Twin City Toucans FC
- Full name: Twin City Toucans Football Club
- Founded: February 16, 2017; 9 years ago
- Stadium: Edible Field, Bryan, Texas
- Capacity: 6,000
- Owner(s): Uri Geva and Chris Clark
- Head Coach: Steo Cummins
- League: USL League Two
- 2024: 3rd, Lone Star Division Playoffs: DNQ
- Website: tctoucansfc.com
| Home colors | Away colors |

= Twin City Toucans FC =

Twin City Toucans Football Club is an American soccer team based in Bryan, Texas, United States. Founded in 2017, the team plays in USL League Two, the fourth tier of the American Soccer Pyramid.

The team plays its home games at Edible Field, home to the Brazos Valley Bombers of the Texas Collegiate League.

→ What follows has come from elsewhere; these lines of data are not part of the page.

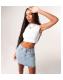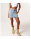 A wardrobe staple is given a sparkly update with this denim mini skirt from Pink Vanilla. With a fitted shape and mini length, it is detailed with rhinestone embellishments in a diamond pattern throughout.
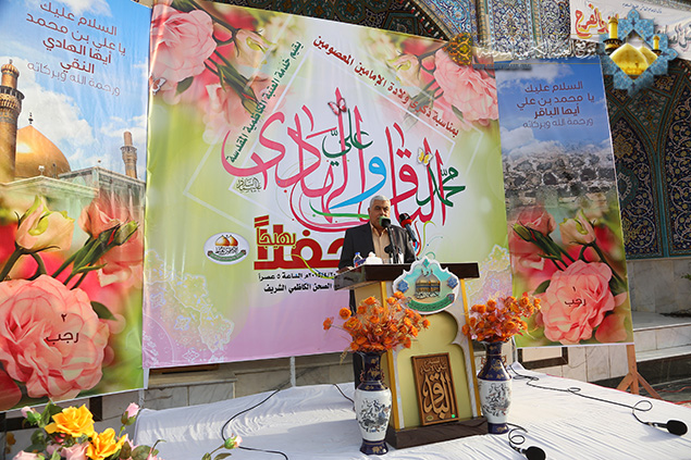 ينبغي أن نستثمر هاتين الولادتين الميمونتين في زيادة الحث على الاقتداء بنهج الأئمة المعصومين "عليهم السلام" وخطهم الرسالي والالتزام بالإيمان الحقيقي وأن يكون الجهاد في ساحات المعارك خالصاً في سبيل الله ودفاعاً عن الوطن العزيز والالتزام بتوجيهات المرجعية الرشيدة, كما ندعو الى المزيد من الجهاد في سبيل الله وبذل الغالي والنفيس تلبية لفتوى المرجعية الرشيدة , وأن ترعى عوائل الشهداء فهم أمانة في أعناقنا سائلين المولى القدير أن ينصر قوات الحشد الشعبي وقواتنا المسلحة وأن يتغمد شهداءنا بالرحمة ويسكنهم فسيح الجنات ويعجل بشفاء الجرحى.. " بعدها ارتقى المنصة الخطيب الحسيني سماحة الشيخ منير الكاظمي ليلقي في محاضرته القيّمة الضوء على شذرات من حياة الإمام الباقر ومسيرته الحافلة المعطاء متحدثاً عن هذه الشخصية التي توافرت كل المقومات والمؤهلات للزعامة والإمامة والقيادة والريادة حتى اضحى محط ثناء العلماء والفقهاء والفضلاء، مستشهداً بفضائله بلسان الدهر والعلماء الذين ملأت أسماؤهم ونتاجاتهم الآفاق. كما تناول جزءاً من حياة الإمام الهادي الذي تصدى للإمامة وهو في سن مبكر، ودوره الفاعل والذي تجسد بمدرسته الشريفة التي تخرج منها عدد كبير من العلماء والفقهاء، فضلاً عن دوره في المجادلات والمناظرات ومواجهته للمدارس الكلامية المنحرفة، والدفاع عن حقوق أهل بيت النبوة "عليهم السلام"، وتطرق إلى الإرث الفكري والحضاري الزاخر الذي تركه "عليه السلام" لأمة جده رسول الله "صلى الله عليه وآله" والتي لها أثر بالغ في نفوس المسلمين لما تحمله من قيمٍ ومعانٍ سامية. وشهد الحفل مشاركة لشاعر أهل البيت السيد نبيل أبو العيس بمجموعة قصائد رائعة ومنها هذه الأبيات: بحق الإمام الباقر "عليه السلام":
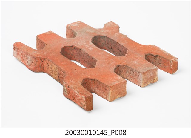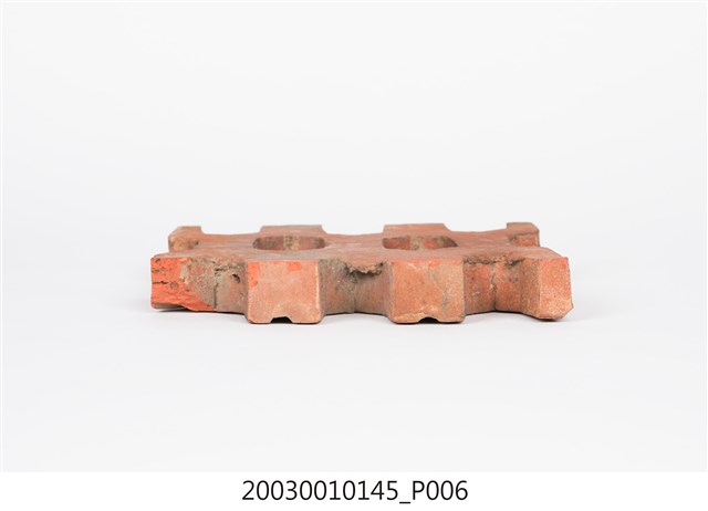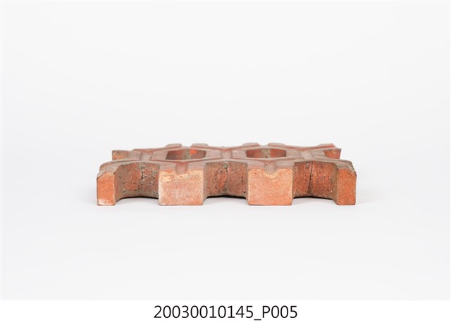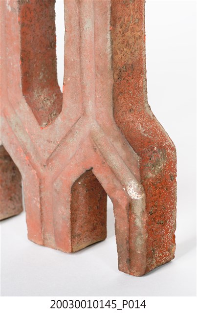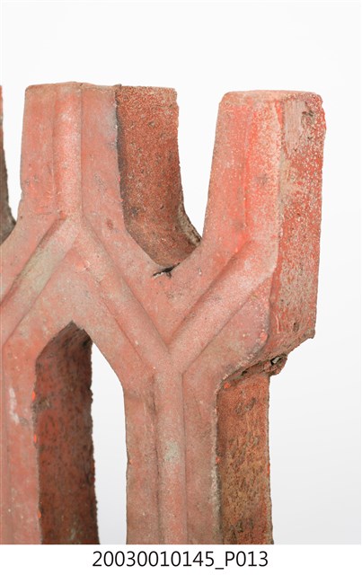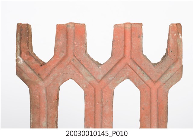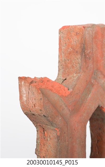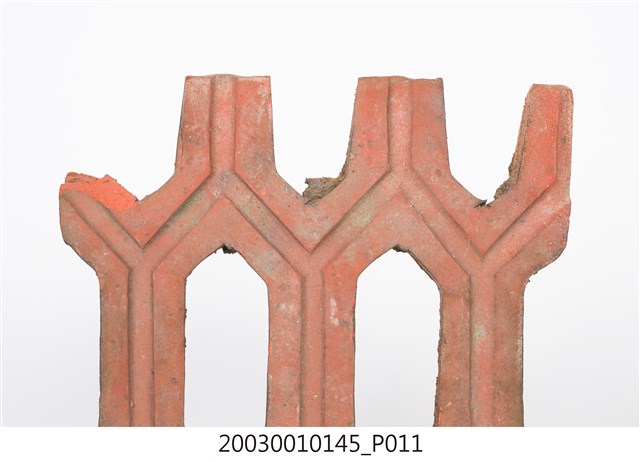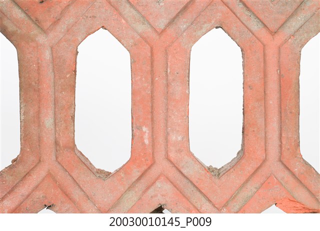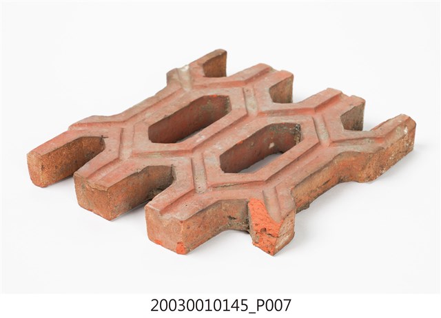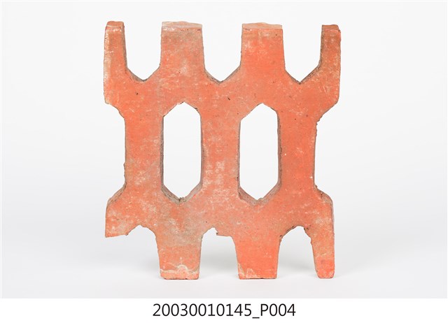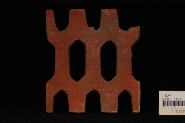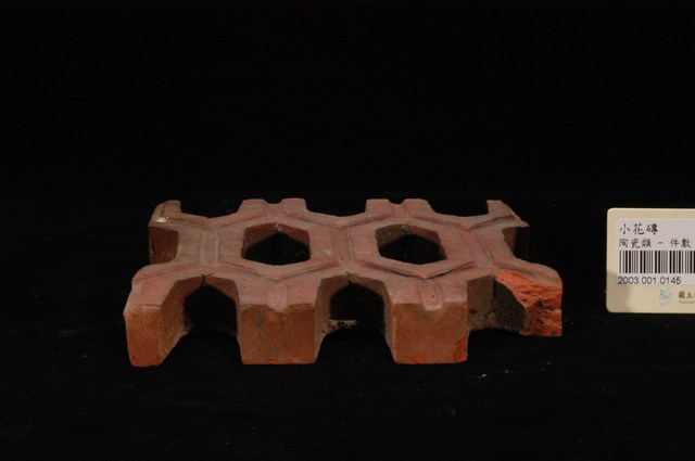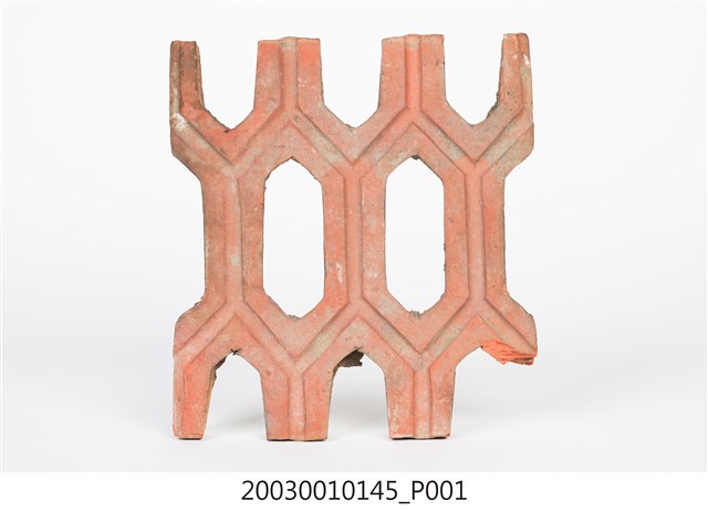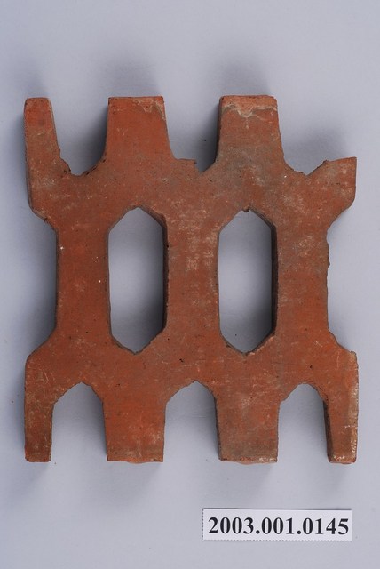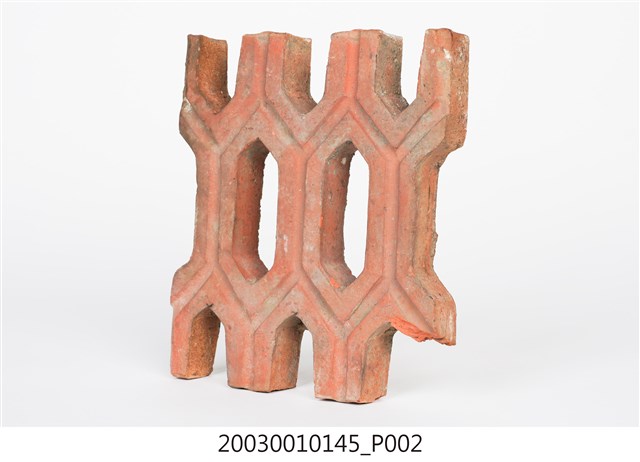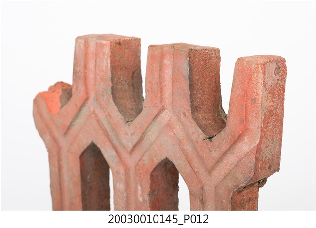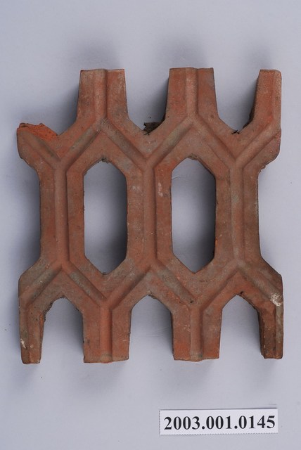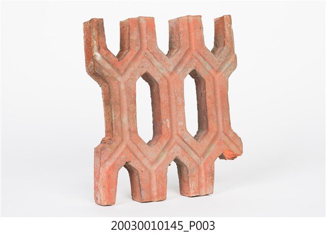 柳條磚取其線條似柳葉形而名之,又稱柳葉磚,是鏤空花磚的一種。為紅色素燒磚。最常見的是以中間三個相連的完整中空長六角形,兩側為半個長六角形組成,通常長寬各約15公分,本件長為15公分,中間為兩個六角形組成,但寬度為13.8公分,僅較通常尺寸少約1公分,因此六角形尺寸較通常作法寬。本件柳條磚中間為二個長六角形,正面陰刻六角形線條。柳條磚用於漢式傳統廟宇或民居的氣窗或屋脊,可減輕屋脊重量或增加屋內的通風採光,通常以多塊並列,形成連續龜甲圖案。本件磚邊緣白色灰泥為與建築黏附痕跡,局部破損不存。
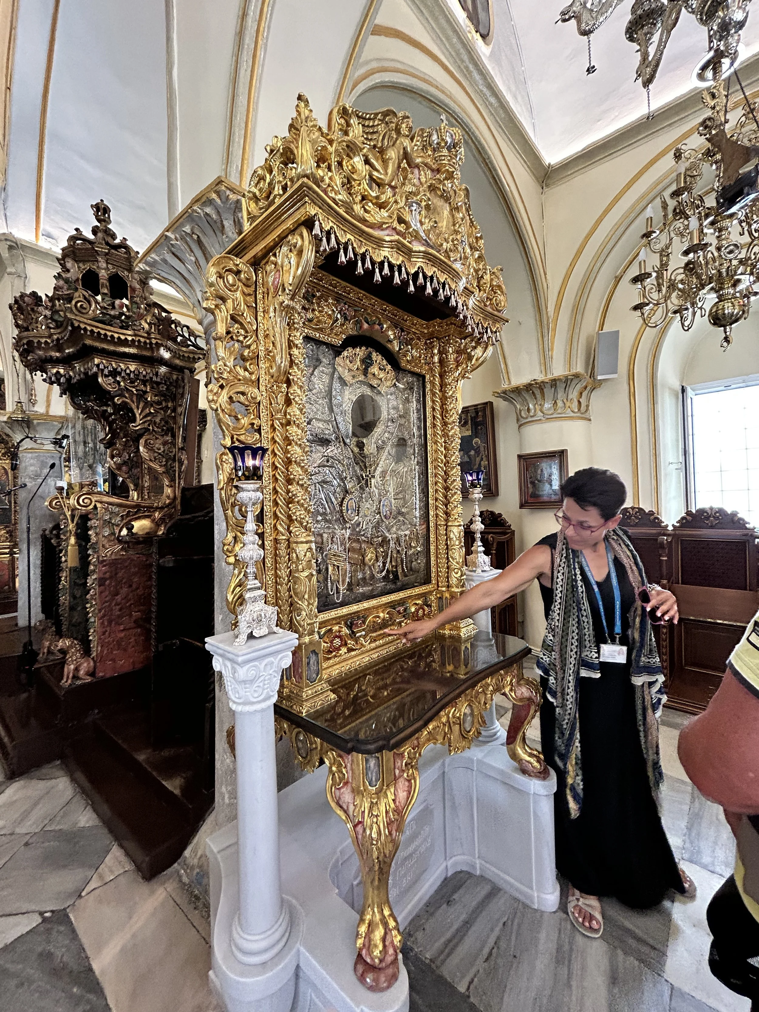Our guide explaining the sacred and miraculous Icon of the Virgin Mary. It was found floating in the sea some time before the church was built in 1542.
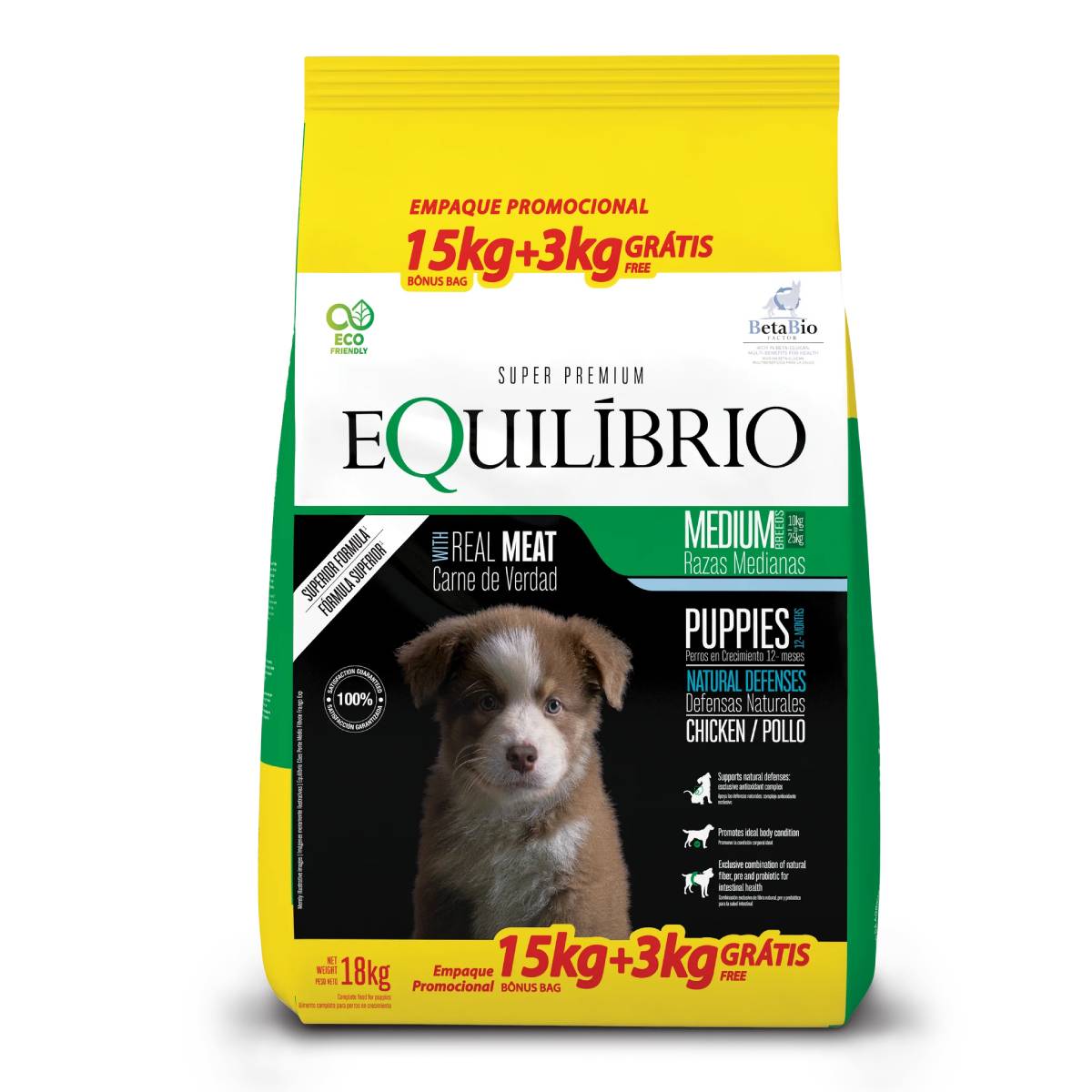 Equilibrio Cachorros con Pollo para razas medianas es un alimento completo y balanceado, ideal para perros en crecimiento de 10 a 25 kg. Refuerza el sistema inmunológico con antioxidantes naturales, apoya una condición corporal saludable y mejora la digestión gracias a su mezcla de fibra natural, prebióticos y probióticos.
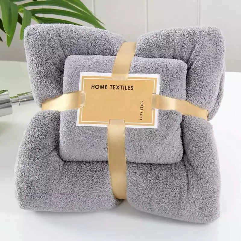 Набор 2 в 1 полотенец для душа и ванной для лица и тела,комплект банных флисовых полотенец 2 шт. цвет серый
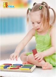 Deze houten educatieve inlegpuzzel van VIGA is het ideale speelgoed voor de eerste ontdekking van vormen en kleuren. De robuuste houten plaat met precieze uitsparingen en 18 kleurrijke stukjes leert kinderen sorteren, oog-handcoördinatie en ontwikkelt het ruimtelijk inzicht.
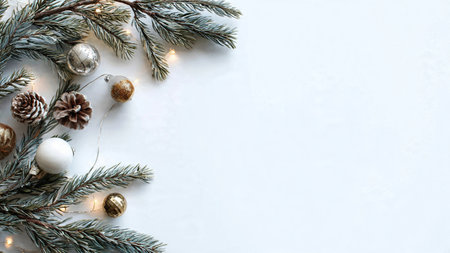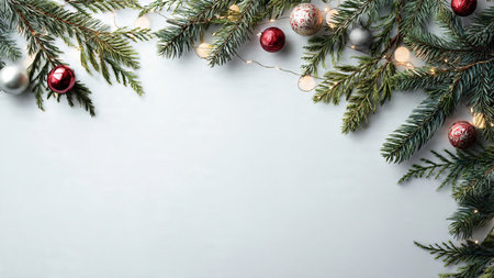 Minimalist Christmas background featuring pine branches, elegant ornaments, soft fairy lights, and clean white space for text in a modern high-resolution design.

The team's colors are black, red, and white.

The team serves as a hybrid affiliate of the Houston Dynamo of Major League Soccer. The hybrid affiliation, a first for the PDL, means that the Dynamo will be responsible for the soccer operations of the club, selecting players and coaching staff. The ownership group, Clutch Entertainment, will be responsible for operations and day-to-day management of the club.

==History==

===Brazos County Cavalry F.C. (2017-2022)===

====Formation & 2017 Season====

In January 2017, the Houston Dynamo announced their official affiliation with a brand new Premier Development League (PDL) team that would start play in summer in College Station/Bryan, Texas. They would be owned by the Clutch Entertainment Group who already owned summer collegiate baseball team, Brazos Valley Bombers.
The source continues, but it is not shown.